The arrangement of ovarian vascular bundles, which transport nutrients to ovules, has been proposed as a potential influence on position-dependent probabilities of abortion. Alternatively, in species where the order of ovule fertilization and relative positions of matured embryos correlate, fertilization time may have an effect; late-fertilized ovules are expected to lag behind in embryonic development, making them weaker competitors. More specifically, gametophytic selection may cause a correlation between fertilization order and position of matured embryos, since the fastest growing pollen tubes are expected to be the most fit and the first to fertilize ovules. In this scenario, the ovules fertilized first are expected to be stronger competitors due to their genetic quality, hence their higher probability of maturation. Thus, some cases of position-dependent abortion have the potential to be driven by selective embryo abortion.

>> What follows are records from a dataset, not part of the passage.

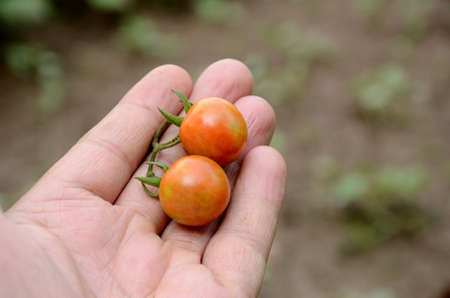 closeup red ripe tomato hold hand over out of focus green brown background.
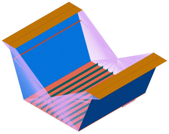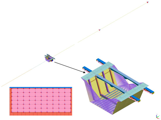 In this paper, the Midas FEA NX finite element analysis software is used to establish a local “beam-shell-solid-contact” finite element model of the steel channel beam under the maximum cantilever condition. The maximum cantilever condition is when the guide beam is about to reach pier 142 and the cantilever length reaches 100 m. The shell unit is selected to model the 8 m long girder section supported by the cantilever root on pier 143 in detail, and the geometric model is shown in Figure 3. The remaining main girders, guide girders, and hollow web truss-type diaphragm are selected to be modeled with beam units, and rigid connections are established in the part where the beam unit meets the shell unit to make their nodes coupled. The rigid connection is shown in Figure 4. Solid units are selected for modeling the pads. The material of the main girder and steel guide beam is Q345qD steel with a density of 7850 kg/m3, a modulus of elasticity of 210 GPa, Poisson’s ratio of 0.3, and the pads are made of rubber pads with a modulus of elasticity of 30 MPa. The overall mesh size of the main beam is 100 mm. The whole beam is divided into 24,379 cells.
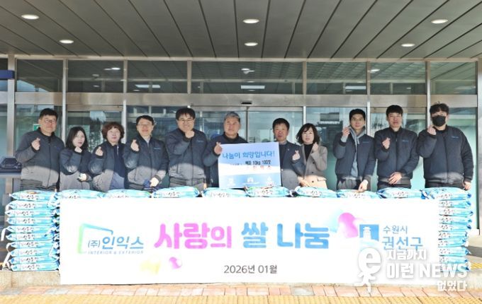 이런뉴스(e-runnews) 김삼성 기자 | 수원시 권선구는 21일 ㈜인익스에서 설 명절을 맞이하여 후원한 백미(10kg) 100포에 대한 전달식을 진행했다.
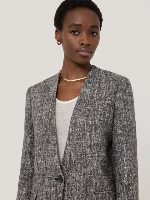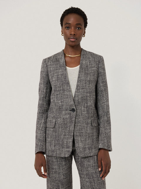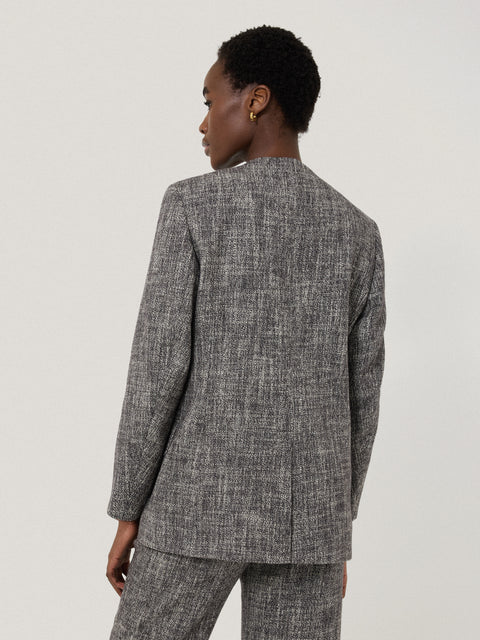 Tailoring with a Jigsaw twist; this sleek jacket is cut for a sleek, longline silhouette with a collarless neckline as a spin on classic details. Designed in a textural boucle fabric, we love this jacket with the matching trousers as well as dressed down with a T-shirt and jeans.
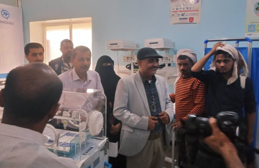 وخلال التدشين، استمع الدكتور المسعودي ومن معه، من قبل ممثلي منظمة ميد جلوبال الأمريكية ومدير مستشفى حيس الريفي الدكتورة نسرين محيي الدين، إلى شرح عن المعدات والأجهزة الطبية والحديثة المتنوعة المقدمة ضمن مشروع المساعدة الطارئة للفئات السكانية في عدن وتعز والحديدة والممول من (LDS).
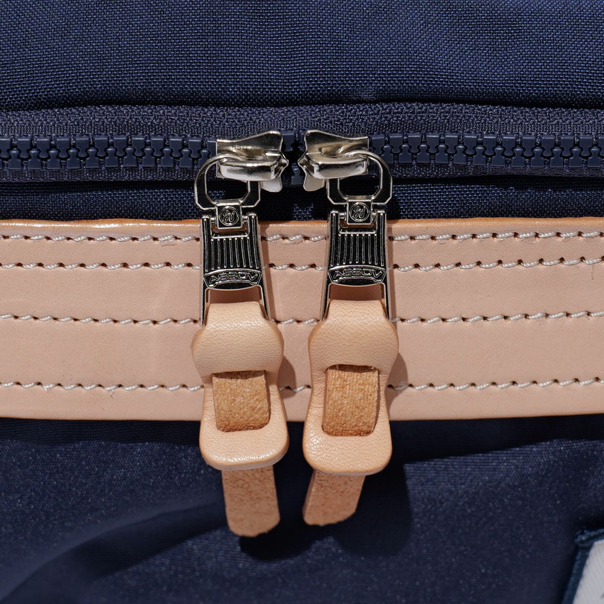 このアイテムのもう一つの魅力は、経年変化を楽しめるベジタブルタンニンレザーを使用している点です。付属レザーには、革本来の風合いを生かしたヌメレザーを採用し、使用するほどに味わい深い色合いと質感に変化していくのが特徴です。環境にも配慮したこのレザーは、エコフレンドリーな素材として注目されています。フロント部分には、ワッペン風に仕上げた織りネームを使用し、AS2OVオリジナルの引き手をあしらったファスナーがデザインのアクセントとなっています。
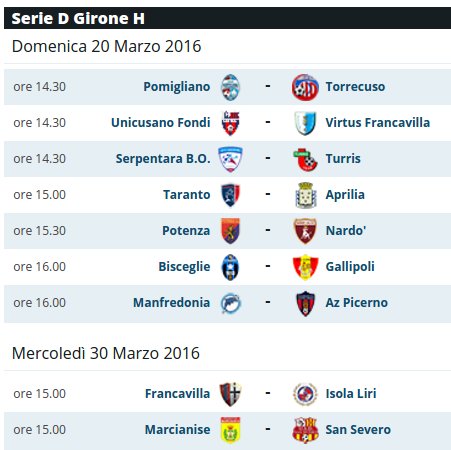 Ecco di seguito tutte le partite della serie D girone H della 28esima giornata e la classifica.
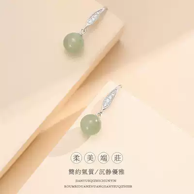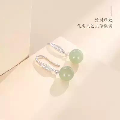 s925 sterling silver Japanese and Korean ear needles female natural Hetian jade earrings vintage lover gift
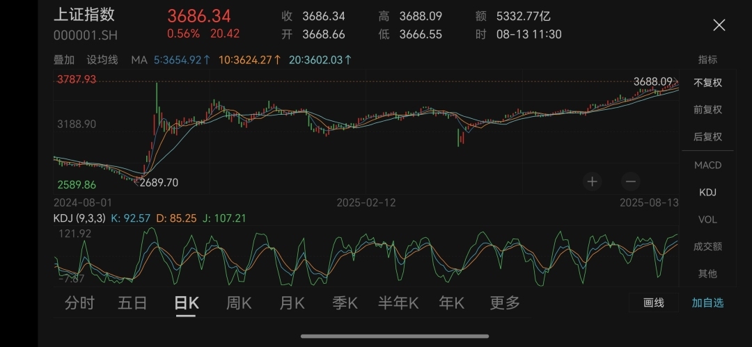 8月13日,A股三大指数集体走高。上证指数早盘再次上攻,突破去年“924”行情的高点3674.40点,创2021年12月以来新高。突破前高后,沪指一路震荡走高直逼3700点,创业板指大涨近3%。
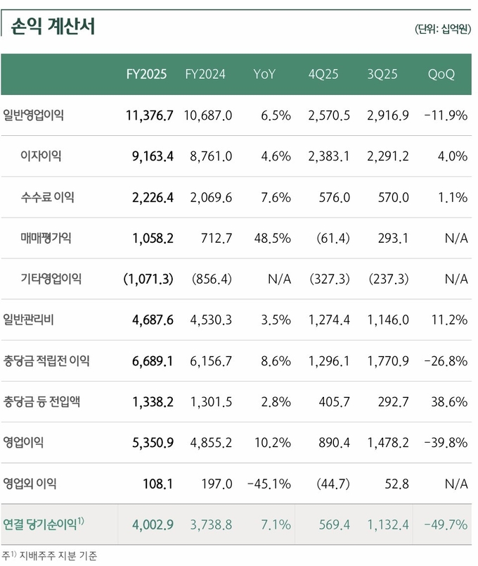 특히, 그룹은 환율 상승에 따른 FX 환산손실 발생 등 대내외 불확실성 확대에도 비이자이익이 전년 동기 대비 14.9% 증가하는 등 시장 변동성에 대한 탄력적 대응과 수익 구조 다각화를 통해 연간 4조원대 당기순이익 실현 기반을 마련했다.
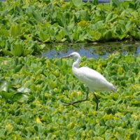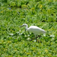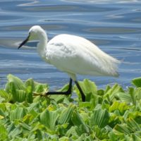 園内でチュウサギを見かけました。よく見かける白いサギのように見えますが、実は希少種に指定されている珍しい野鳥です。

== Abortion of self-fertilized embryos ==
Early-acting inbreeding depression is a form of selective embryo abortion that acts on embryos produced by selfing or mating of close relatives. Inbreeding increases genetic homozygosity, allowing selection to elimination recessive, deleterious or lethal alleles (the presence of these deleterious alleles is referred to as genetic load). Thus, selective embryo abortion would be expected to purge genetic load among inbred offspring by aborting those embryos with deleterious genotypes. However, late-acting self-incompatibility also causes abortion of self-fertilized seeds, confounding identification of early-acting inbreeding depression.